A higher proportion of patients developed CIN in the control group (28 (28.0%)) vs (12 (12.0%)) in the study group with P-value =0.005
Predictors of CIN in our study:
The age of the patients who developed CIN is significantly higher than those without CIN (63.78 ± 13.74 years) vs (58.74 ± 11.21 years) respectively, with P-value 0.016.
Presence of heart failure symptoms, hypertension and diabetes mellitus found to be significantly associated with the incidence of CIN with P-value 0.048, 0.021 and 0.005 respectively.
The proportion of renal impairment/CKD was higher in patients with CIN 20 (50.0%) vs 40 (25.0%) with P-value 0.002. baseline serum creatinine in patients with CIN was significantly high (1.34 ± 0.51mg/dl) vs (1.11 ± 0.42) with P-value 0.005. Accordingly, baseline GFR in patients with CIN was significantly low (74.45 ± 35.01ml/min) vs (90.40 ± 34.46ml/min) with P-value 0.010.

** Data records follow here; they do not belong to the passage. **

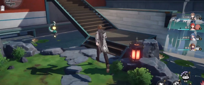 4、玩家视角往后面转,一直走再左转,穿过一片荷塘,笔直走,然后上楼梯,在楼梯的右侧的角落里就是机巧鸟的位置;
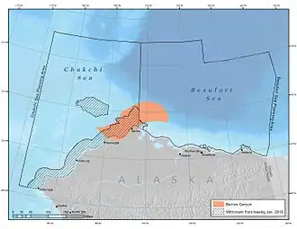 Barrow Canyon is a submarine canyon that straddles the boundary between the Beaufort Sea and Chukchi Sea.[18] Compared to other nearby areas and the Canada Basin, the highly productive Barrow Canyon supports a diversity of marine animals and invertebrates.
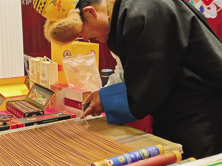 展銷活動現(xiàn)場,一股淡雅香氣彌漫開來,藏香展位上,線香靜靜燃燒。拉薩市級非物質(zhì)文化遺產(chǎn)代表性傳承人加措正在制作藏香,吸引不少人駐足觀看。市民鄭先生說:“以前只見過藏香成品,第一次看制作過程,很驚喜。春節(jié)申遺成功后,非遺受關(guān)注更多,希望西藏非遺好物能被更多人了解!”
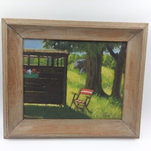 Vintage original acrylic painting by Wollmar summer scene pastoral
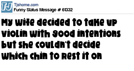 X is My wife decided to take up violin with good intentions but she couldn't decide which chin to rest it on
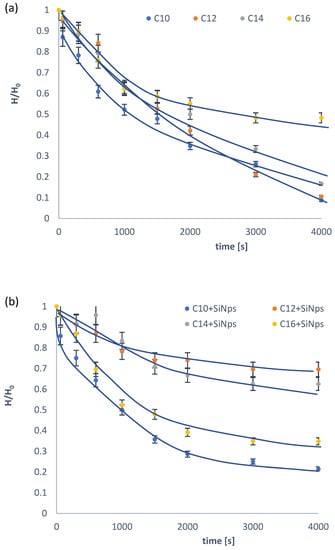 Normalized foam height (H/H0) as a function of time for (a) pure TAB aqueous foams and (b) TAB–SiO2 nanoparticle dispersions at a fixed surfactant concentration of 10−3 mol/L.
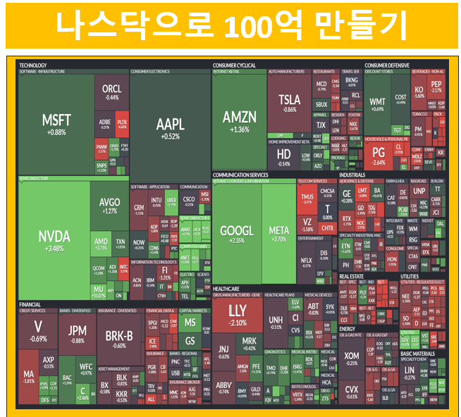 안녕하세요. 미국 나스닥 투자로 100억을 꿈꾸고 있는 머니맨입니다! 오늘 미국 뉴욕증시는 반도체 주식의 급등으로 인해 기술주 중심의 나스닥이 1.2% 상승하며 마감했습니다. 반면, 다우지수는 금리 급등 영향으로 하락했습니다. 그런 가운데 대만의 세계 최대 전자기기 위탁생산업체 폭스콘이 인공지능(AI) 서버 수요 증가로 역대 최고 수준의 호실적을 발표하면서 관련 종목들이 상승세를 보였습니다. 오늘 미국 증시의 상승으로 제 계좌는 13억을 다시 돌파했습니다.
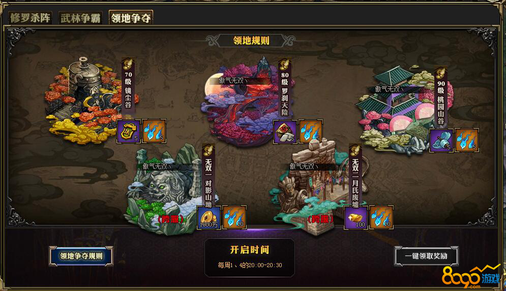 搜索"8090网页游戏"寒刀行游戏中,领地争夺是江湖争雄副本中的一个活动,玩家每周一和周四的8点开始,活动持续半个小时,玩家通过门派的合作占领各个地图的拥有权,从而获得丰厚的奖励,那么该如何争夺领地呢?
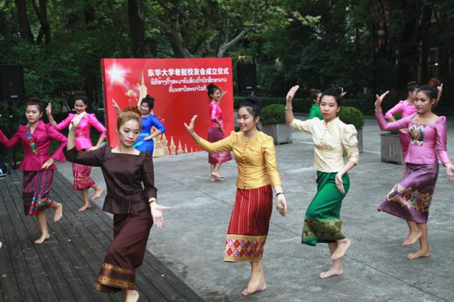 当天,数十名老挝校友和在校老挝留学生、校内外友人参加了本次老挝校友会成立仪式。学校澳大利亚新西兰校友会还特别发来贺信。仪式现场,老挝学子还在极具特色的老挝民族音乐声中跳起了曼妙的民族舞蹈,传递出对老挝校友会成立的喜悦。
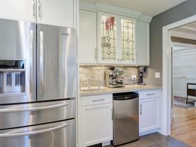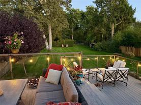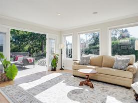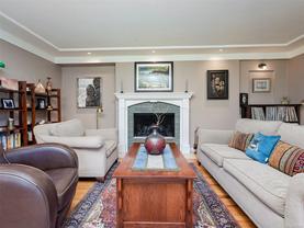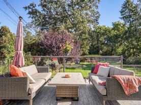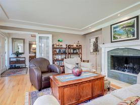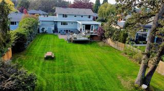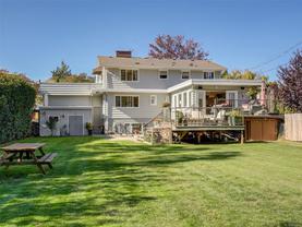 Backing onto the woodlands of the ninth tee at Uplands Golf Course, this beautifully updated 4,000 sq. ft. Cape Cod–inspired character home sits on a sunny, private, and fully fenced 16,800 sq. ft. lot. The main floor is perfect for entertaining with a formal living room featuring a wood-burning fireplace, elegant dining room with custom built-ins, an updated kitchen, and a bright family room. French doors open to expansive decks and a wide-open lawn ideal for outdoor living. Upstairs, a striking staircase leads to three bedrooms, two baths, and a laundry room. The primary suite offers a modern ensuite, serene yard views, and a private south-facing deck. The lower level includes a media room, guest bedroom, and a bright one-bedroom suite with its own kitchen. Upgrades include natural gas heat, hot water on demand, a Wolf cooktop, double Bosch ovens, gas fireplace, and a heat pump that cools the upper floor. Additional features include a home office, workshop, and large garage—simply move in and enjoy this cherished family home.
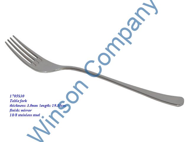 1705S30-Table fork ← Previous 1705S30 Table fork thickness: 3.0mm length: 19.80cm finish: mirror Table fork thickness: 3.0mm length: 19.80cm finish: mirror 18/8 stainless steel
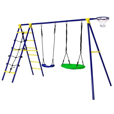 JANSNO 6 Function Metal Plastic Safe Swing Set with Net Swing for Age 3+

Mehran score was found to be of statistical significance difference between patients with CIN 5 (4 - 9) vs 2 (0 - 5) in patients without CIN with P-value <0.001.

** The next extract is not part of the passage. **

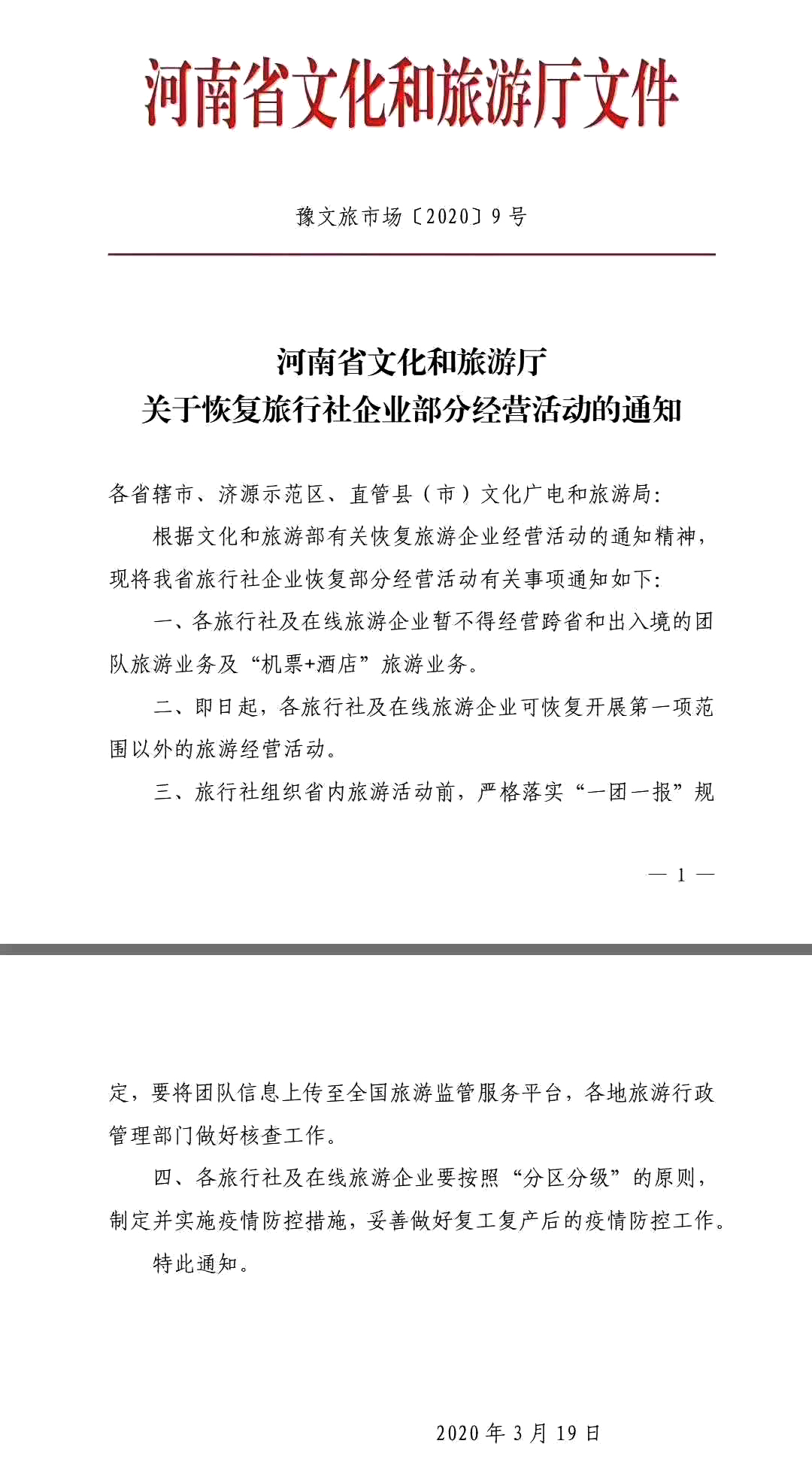 河南省旅行社企业已恢复部分经营活动

LVEF was significantly low in patients with CIN (38.95 ± 9.86) vs (44.09 ± 10.92) with P-value 0.007.
The Amount of the contrast volume was significantly higher in the group who developed CIN (151.05 ± 79.93ml) vs (112.09 ± 54.13) with P-value <0.001.
Serum Creatinine Δ change was significantly high in patients developed CIN (0.86 ± 0.32mg/dl) in comparison to (0.12 ± 0.17mg/dl) in patients without CIN with P-value <0.001 and accordingly the GFR Δ change was significantly low in patients with CIN in comparison to those without CIN with P-value <0.001.
In conclusion, we found a trend toward the efficacy of silymarin in preventing contrast-inducednephropathy.